At Lake Suigetsu the accumulation of a fine layer of seasonal algae allows researchers to count back the years of each layer, called varves, just like a tree ring. Radiocarbon from microscopic plant fragments was then measured to find the analogous atmospheric radiocarbon at the time each varve was deposited. With the new sediment cores, researchers now have a complete terrestrial record dating back up to ~52,000 years.
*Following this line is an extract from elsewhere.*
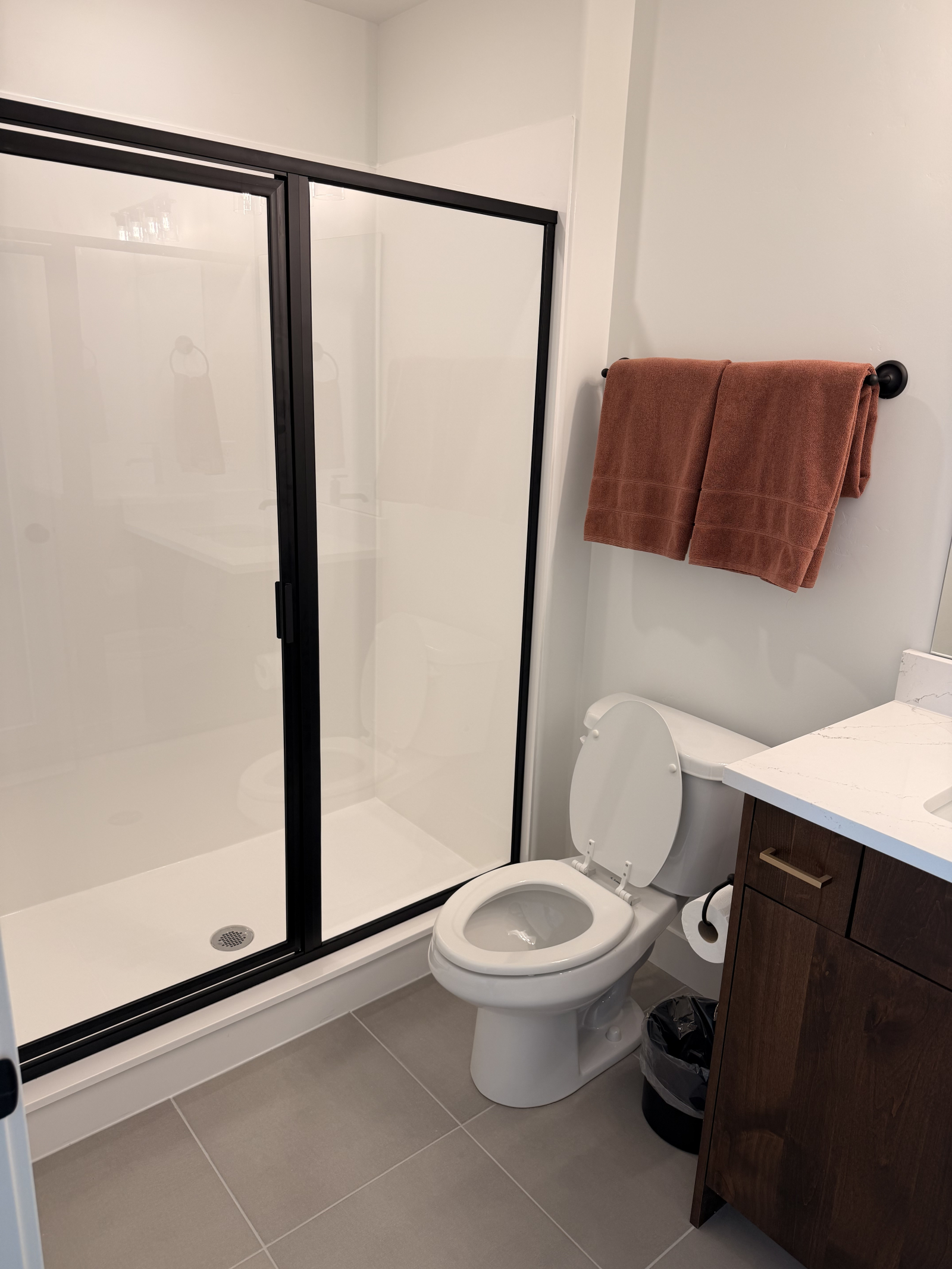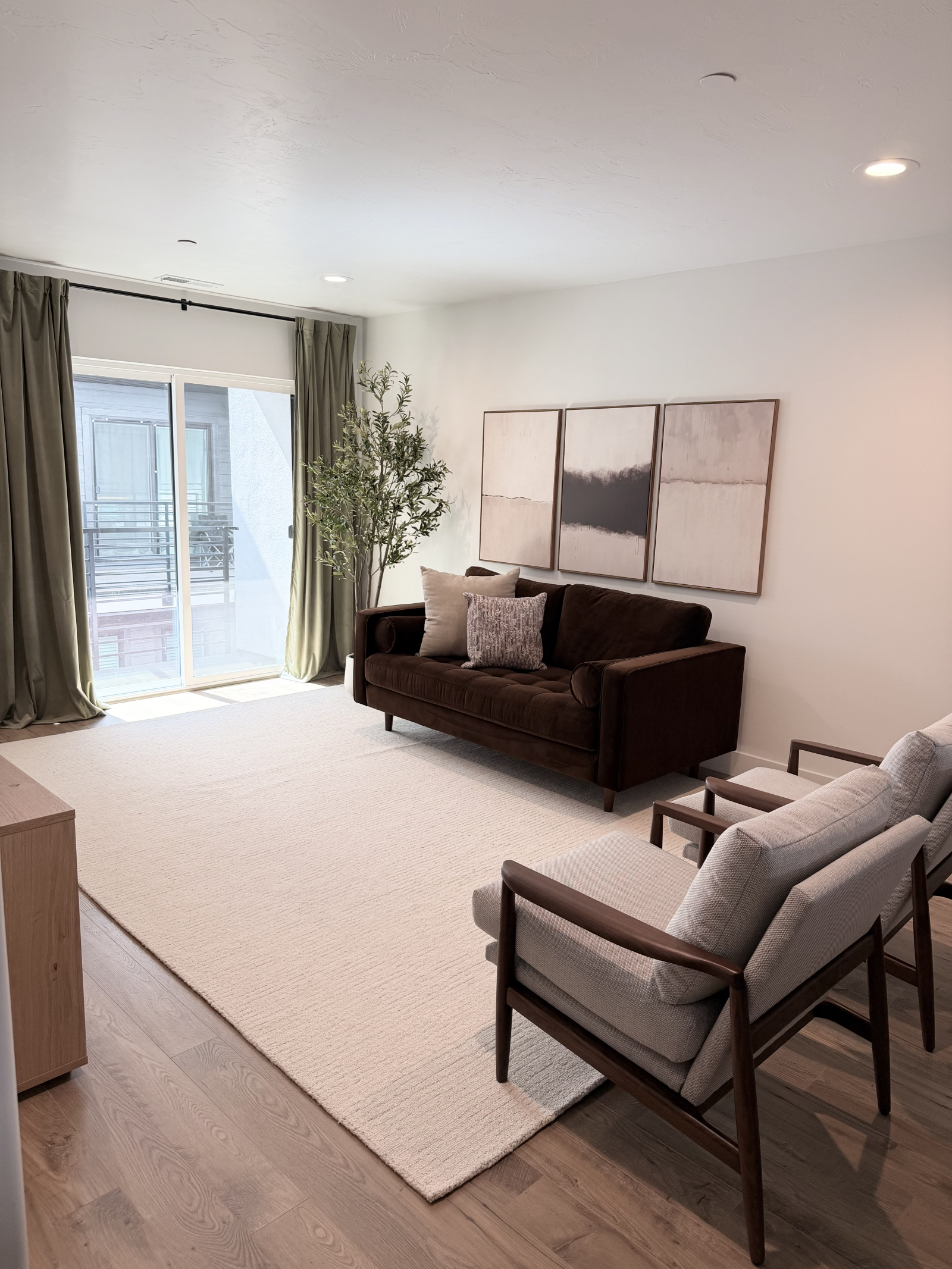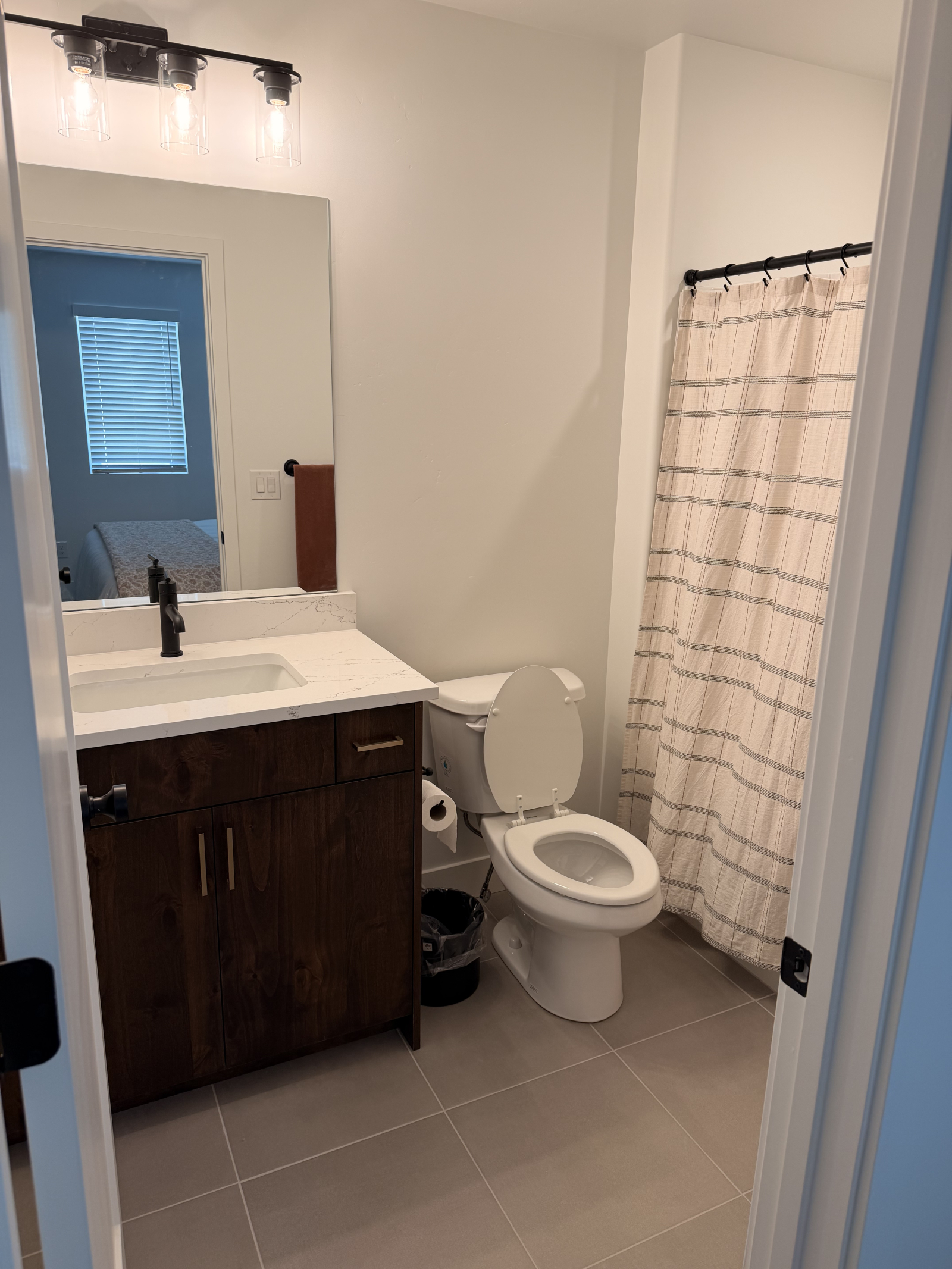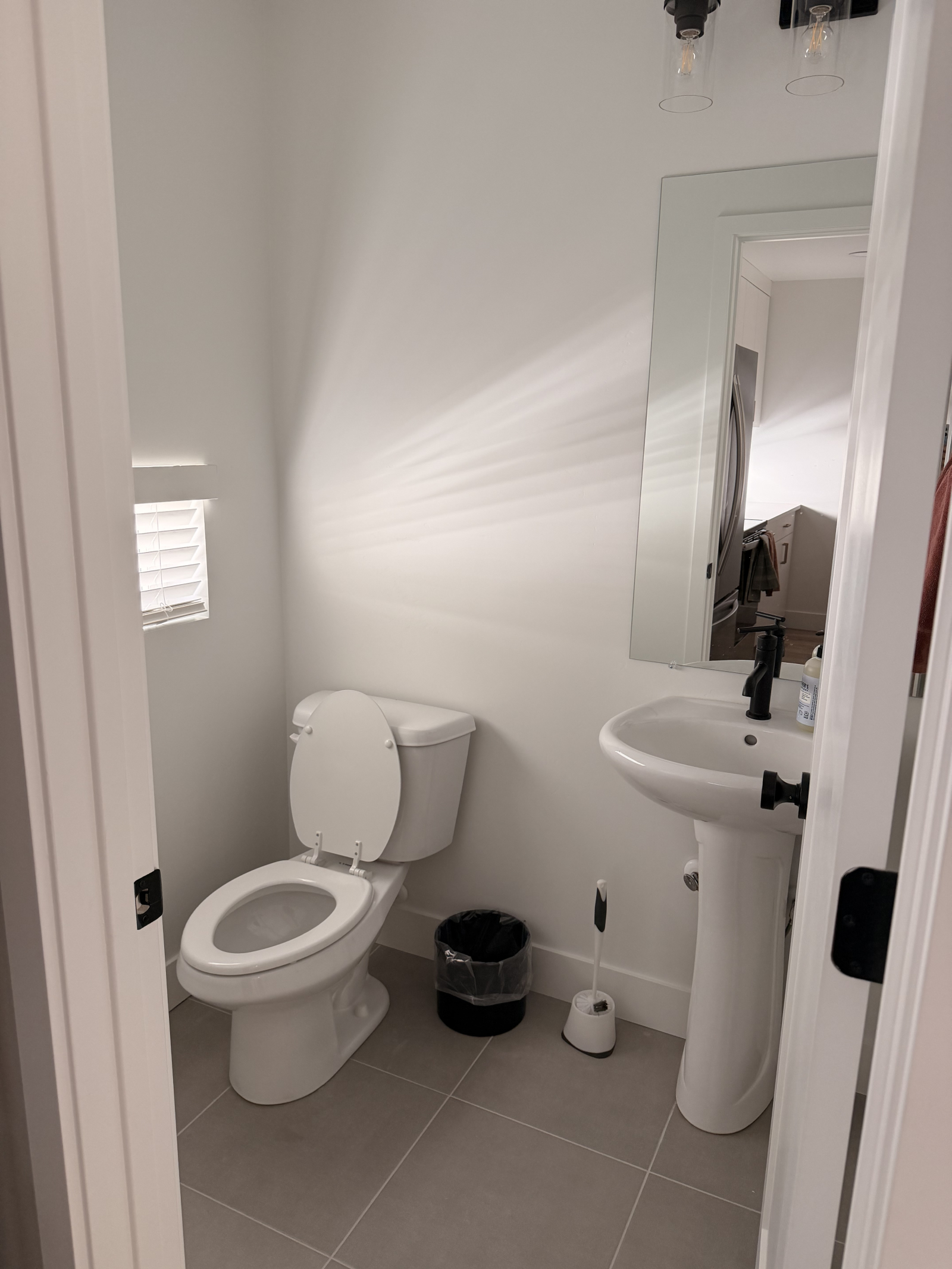 2 escaleras. En la planta baja está el garaje y una oficina/cama futón. La planta intermedia es la cocina y el espacio de estar. La planta superior tiene dos dormitorios y una lavandería

A ‘control period’ of the first 12,000 years was anchored against the known tree-ring record. The Suigetsu data was then compared to two speleothem sets (dated using U-Th decay) and was found to lie within the deviation expected of the two different time scales. The potential of sediment cores at Lake Suigetsu for dating was first recognised in 1993 but the original core included missing intervals, which made an independent age impossible. A further four cores (funded by the UK Natural Environment Research Council) were taken in 2006.

Although this discovery is not expected to cause any major historical revisions it will allow archaeologists to improve dating accuracy by up to several centuries. This will also help scientists understand the carbon-cycle, particularly the mechanisms that transport atmospheric carbon into other radiocarbon sinks, such as in the oceans.